§ **Prompt**:
From the records below, please repeat exactly the line that has "1Kus Flaštička rozmerov", the line that has "Coppia di orecchini", and every line between them, and nothing else.

§ **The input**:

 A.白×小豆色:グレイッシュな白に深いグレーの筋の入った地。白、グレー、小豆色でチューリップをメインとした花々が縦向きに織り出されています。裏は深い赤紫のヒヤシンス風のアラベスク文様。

...

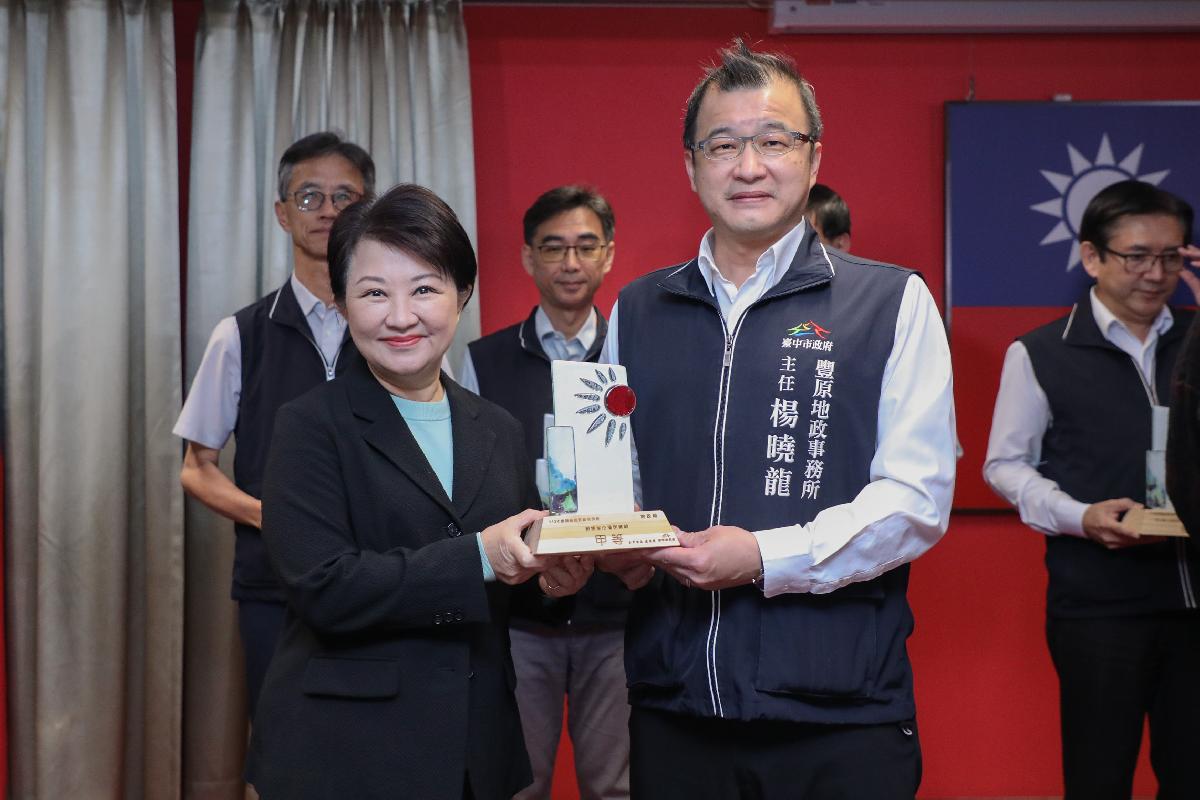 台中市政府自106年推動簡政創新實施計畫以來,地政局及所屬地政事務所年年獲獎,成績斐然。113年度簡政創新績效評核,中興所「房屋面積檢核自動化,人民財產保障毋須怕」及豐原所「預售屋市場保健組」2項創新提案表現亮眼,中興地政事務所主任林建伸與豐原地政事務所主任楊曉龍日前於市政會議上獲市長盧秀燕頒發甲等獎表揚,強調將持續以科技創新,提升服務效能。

---

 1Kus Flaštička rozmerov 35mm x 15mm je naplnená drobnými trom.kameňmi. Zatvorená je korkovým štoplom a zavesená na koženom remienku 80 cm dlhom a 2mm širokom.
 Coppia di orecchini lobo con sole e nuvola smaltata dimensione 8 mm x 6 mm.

§ **Expected answer**:
 1Kus Flaštička rozmerov 35mm x 15mm je naplnená drobnými trom.kameňmi. Zatvorená je korkovým štoplom a zavesená na koženom remienku 80 cm dlhom a 2mm širokom.
 Coppia di orecchini lobo con sole e nuvola smaltata dimensione 8 mm x 6 mm.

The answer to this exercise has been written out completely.